Time poverty constrains women’s time for other activities such as paid work, investing in human capital and social network building, or politics. The adverse time use and time stress are likely to result in low capabilities and low productivity which, in turn, are likely to trap women in a vicious circle of poverty. An increase in women’s time in agriculture adversely affects maternal and child nutrition and the lack of women’s time in reproductive work leads to poorer nutrition. As globalization opens new opportunities for high-value agricultural production, women’s time poverty and work burden are barriers to their participation in the agricultural value chains.

IV. Disasters and shocks disproportionately affect rural women
As the world reels under the increasing frequency and intensity of climate shocks, rural women who depend on agricultural systems for their food and nutrition security and livelihoods bear most of the negative consequences. The impacts of these shocks are multifarious. In addition to high fatalities among women, the livelihoods of those who survive are seriously jeopardized.

As men migrate out of rural areas, also encouraged by the effects of climate change, the women left behind become the income earners leading to increased workloads and care burdens for them.

The COVID-19 pandemic has disrupted livelihoods and value chains and changed consumer behaviors. Global extreme poverty is expected to rise in 2020 for the first time in over 20 years as the pandemic compounds the forces of conflict and climate change. It is estimated to push an additional 88 million to 115 million people into extreme poverty, with the total rising to as many as 150 million people by 2021, depending on the severity of the economic contraction.

Surviving from these shocks and getting back to their feet is doubly challenging for women who have less access to support, opportunities, and assets to begin with. Poverty, lack of social safety nets, natural resource and climate-dependent livelihoods, and low asset bases increase their sensitivity to such shocks. Women become economically insecure after a shock as working conditions deteriorate. Usually women take considerably more time to compensate for the economic losses caused by a shock compared to men.

V. How can we support rural women to become more resilient and be drivers of change in their communities?
“Recognize and value unpaid care and domestic work through the provision of public services, infrastructure and social protection policies, and the promotion of shared responsibility within the household and the family as nationally appropriate” is a target under the SDG on gender equality.
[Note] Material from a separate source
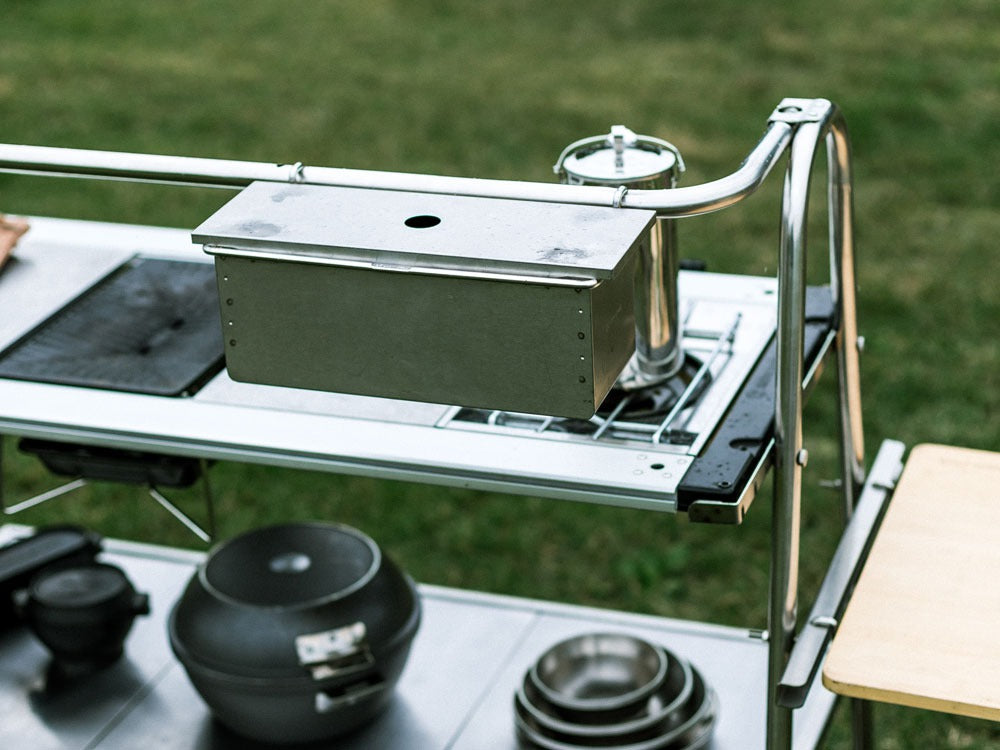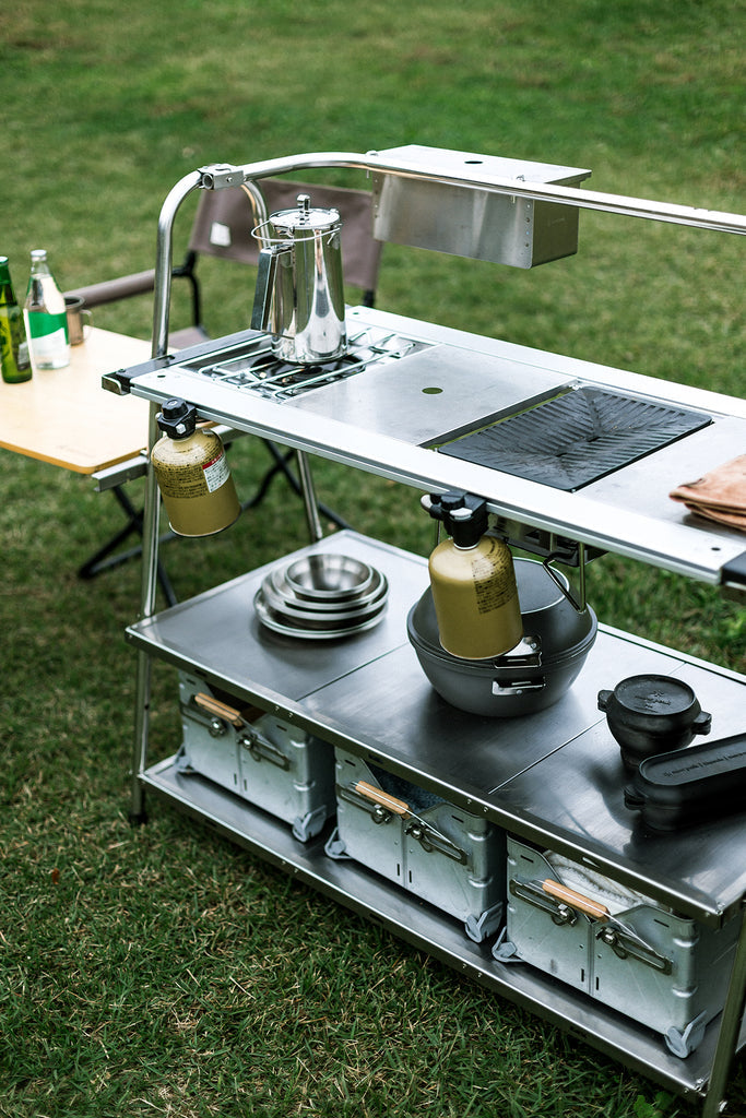 La table de cuisine en acier inoxydable est une étagère modulaire robuste de conception japonaise.

Translating this into action and outcomes through appropriate and well-designed policy measures and their implementation is critical. Policies and social protection measures should be designed based on a sound understanding of the roles of women in food systems, communities and households.

Governments, civil society, private sector, research institutions, and universities should collaborate to create means and more resilient and lucrative economic opportunities for women in agriculture in addition to providing them with appropriate technologies and knowledge. Labor-saving technologies and practices that ease the burden of work by making existing farming systems more efficient and resilient should be introduced and promoted.

We need to create opportunities to help women break into parts of food systems where the returns are higher but also addressing the barriers due to capital and knowledge requirements, social norms, and attitudes that hold them back. Collectives have proven to be an effective mechanism in helping rural women break some of these barriers and efforts should be made to strengthen and expand them.